A vida é simples, com infraestrutura mínima. A água vem de poços cavados pelos próprios moradores. A energia elétrica é precária: apenas sete relógios atendem todas as residências. A regularização do fornecimento é uma das reivindicações urgentes da comunidade.
A comunidade vigia e cuida
Os moradores não apenas habitam, mas cuidam ativamente da vila. Mantêm a trilha que liga o povoado à Praia de São Miguel, fiscalizam o manguezal, protegem a mata e orientam os visitantes. Nos fins de semana, o local chega a receber mais de 500 pessoas.

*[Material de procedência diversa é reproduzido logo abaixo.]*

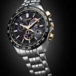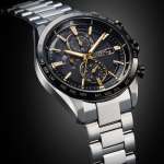 シチズン アテッサからは「ACT Line エコ・ドライブ電波時計 ダイレクトフライト AT8184-57E」(15万9500円、限定数量1300本)が登場。こちらもブラックダイヤルにゴールドのラメを練り込むことで、モダンでスポーティなスタイリングの中に華やかさをプラス。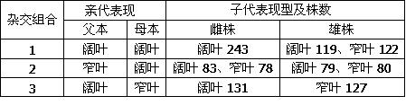 13.某雌雄异株植物,其叶型有阔叶和窄叶两种类型,由一对等位基因控制。现有三组杂交实验,结果如下表。下列有关表格数据的分析,错误的是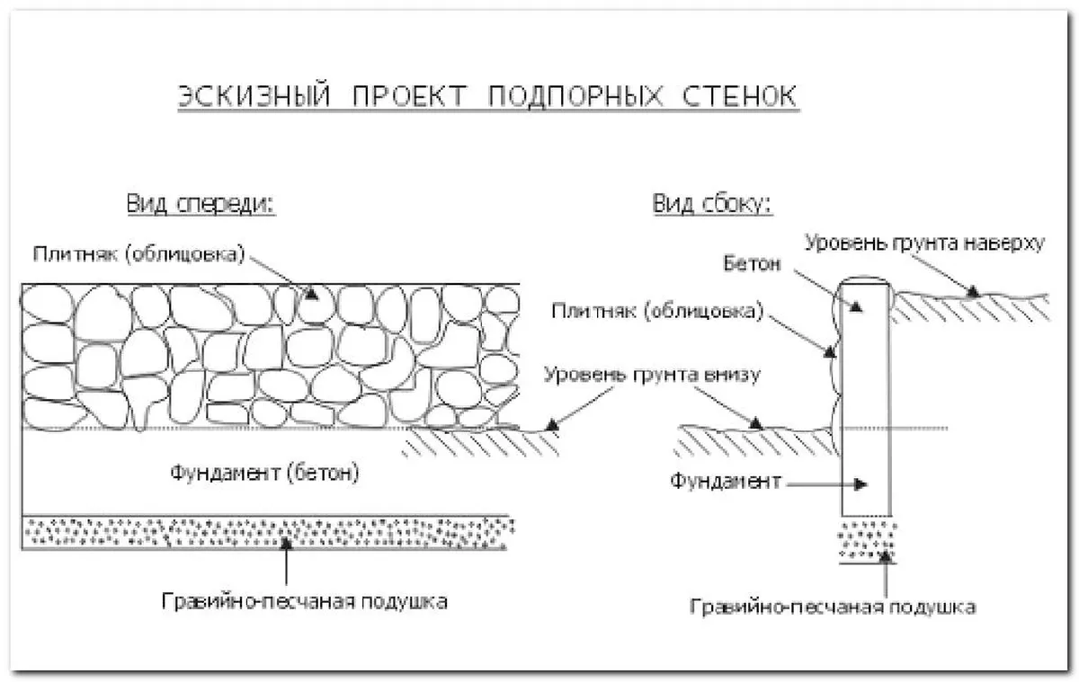 При использовании подпорок из бетона нужна деревянная опалубка. В неё послойно насыпают гравий и камни, заливая каждый слой бетоном. В такой конструкции важно не забыть проложить на высоте 5 сантиметров дренажную трубу для оттока воды.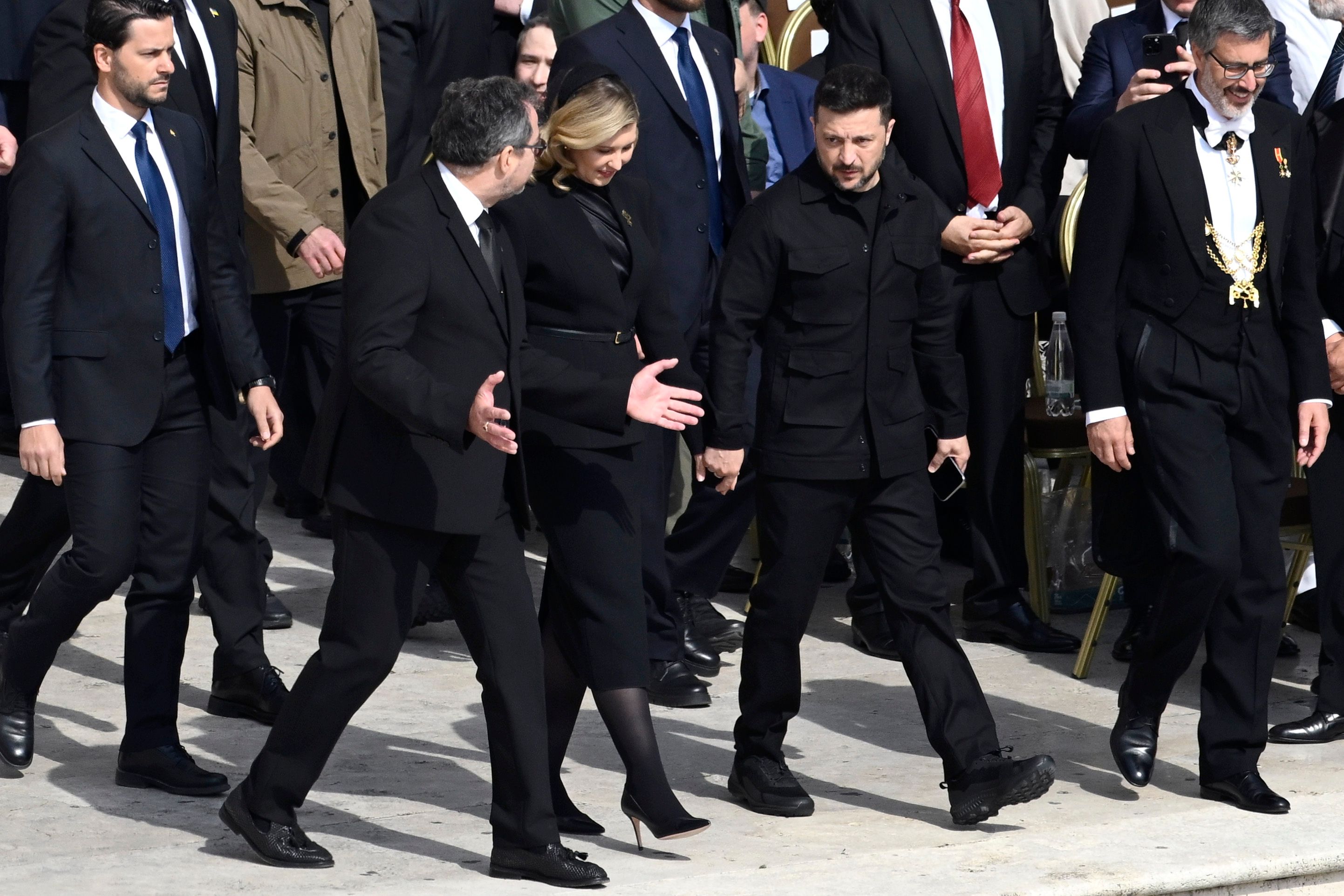 Владимир Зеленский для события также выбрал черный наряд: брюки, куртку и, вероятно, футболку. Президент Украины уже не раз подчеркивал, что будет носить костюм, когда завершится война.

Maria da Conceição Neves, mais conhecida como Preta da Vila, vive ali há 38 anos. Ela preside a Associação de Moradores, criada em 2006 com apoio do Ministério Público. Preta também acompanha quem passa em direção à gruta existente aos pés do morro. O pequeno altar, construído há mais de quatro décadas, homenageia um menino de Blumenau que se afogou no local no fim da década de 1960. Lá, há uma foto do garoto e uma imagem de Nossa Senhora Aparecida, colocada depois pelos moradores.
Mesmo com tanto zelo pela natureza, os moradores enfrentam processos por suposta ocupação irregular. Um deles, julgado à revelia pelo Tribunal Regional Federal da 4ª Região (TRF4), resultou na perda do direito de moradia.
De acordo com Jeann Neves, filho de Preta, o processo alegava que a vila era ocupada apenas por ranchos de pesca, sem habitação. “Essa informação só foi corrigida agora, num recurso ao Superior Tribunal de Justiça”, explica. A sentença determinava que a prefeitura construísse um galpão para equipamentos e demolisse todas as casas.
A comunidade contratou um novo advogado e aguarda decisão do STJ. Preta destaca que a legislação ambiental mudou em 2009, garantindo o direito de permanência às famílias que já viviam em áreas de preservação antes dessa data. E é com essa esperança que a vila resiste.